Amelia returned to Australia from the US where she was a Senior Business Development Manager supporting international clients by guiding them through the Australian processes, including education on the advantages for conducting R and D within the ANZ Region.
Amelia Beshara BSc
Co-Founder and Director
Clinical Operations & Business Development
Dr. Caroline Dobbin, a PhD in immunology and parasitology, has nearly 20 years experience in drug development and clinical trials, gaining 12+ years in the Australian and US biopharmaceutical sector and 7+ years in Principal Medical Writer and management roles within a clinical research organisation (CRO) environment.
Caroline has provided functional medical writing expertise for Sponsors across multiple therapeutic areas and study phases, including for the production of drug development plans, clinical gap analyses, protocols, investigator brochures and CSRs as well as manuscript development and publication support.
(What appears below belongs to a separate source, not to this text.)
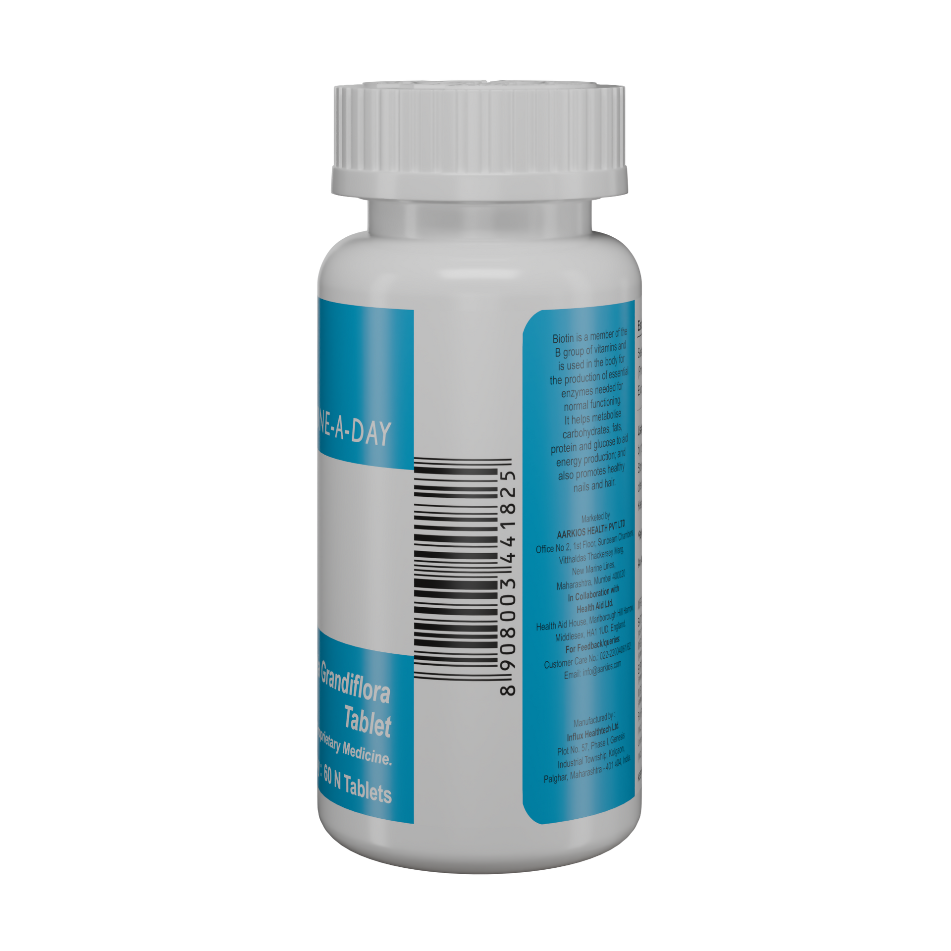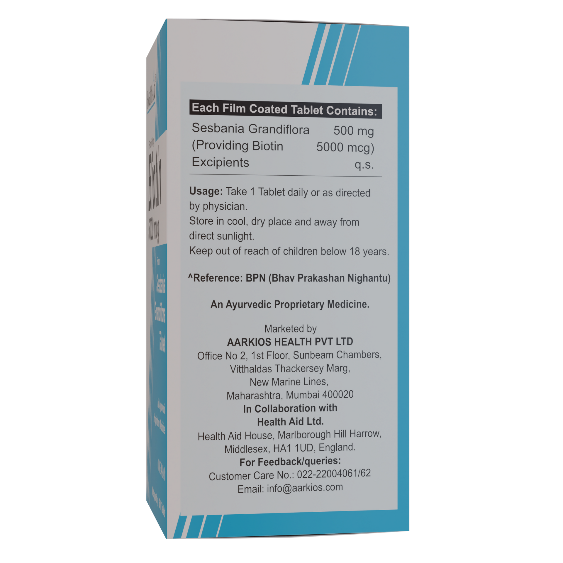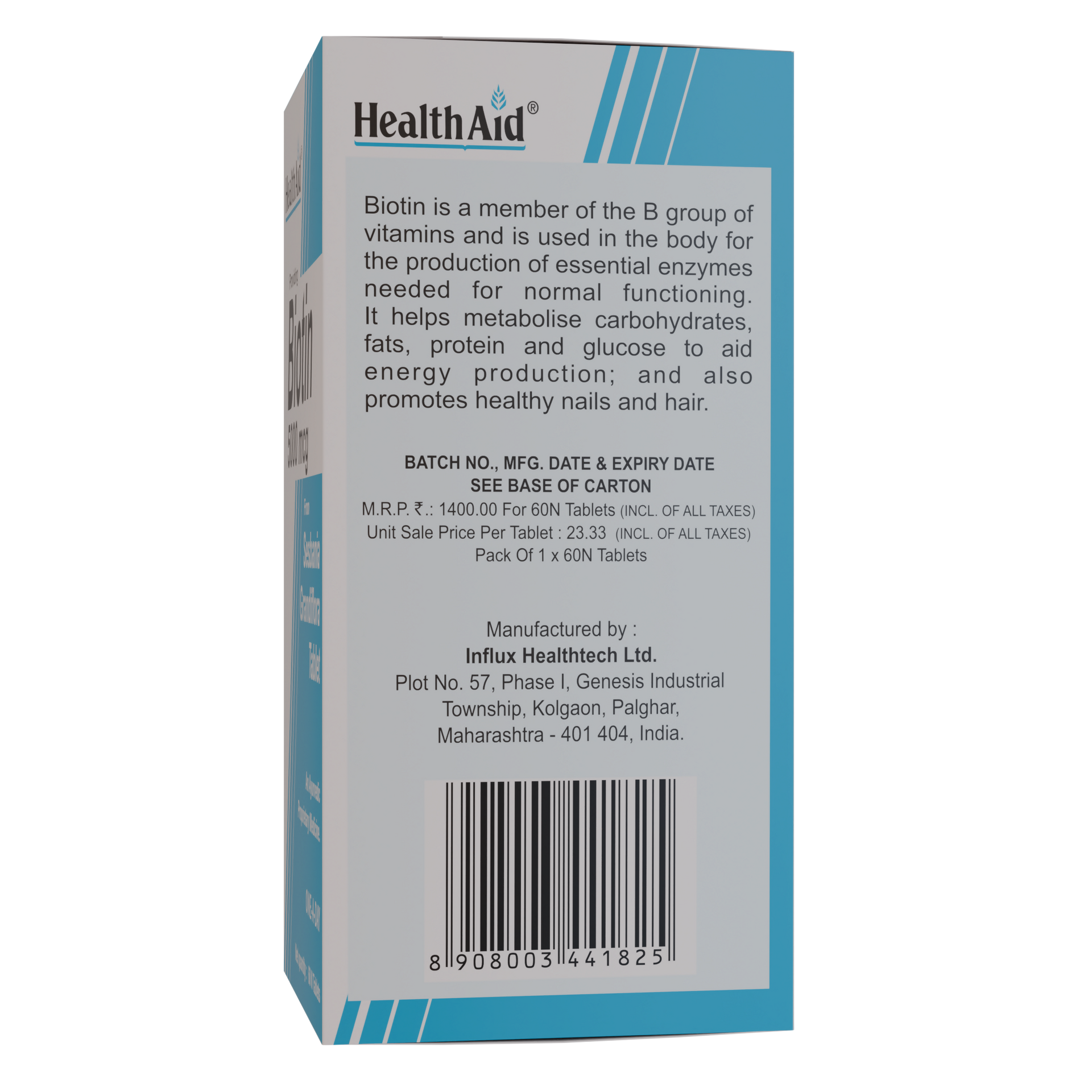 HealthAid Biotin 5000 µg Tablet is best taken with food. Take it in the dose and duration as directed by your doctor. The medicine should not be stopped without the advice of the doctor. It is to be swallowed as a whole and not to be crushed or chewed. Take it regularly and at the same time each day for maximum benefits.

Caroline has strong experience in the periodic analysis of safety information crucial to the ongoing assessment of risk to trial subjects, and in the production of patient safety narratives and DSURs for investigational products. Her experience also includes preparation of regulatory submissions and interaction with US, EU and Australian regulatory authorities
Tracey Brown has over 30 years experience in the Pharmaceutical Industry with a diverse background working within Biotech, CRO’s and as an independent consultancy, supporting a wide range of drug development programs globally.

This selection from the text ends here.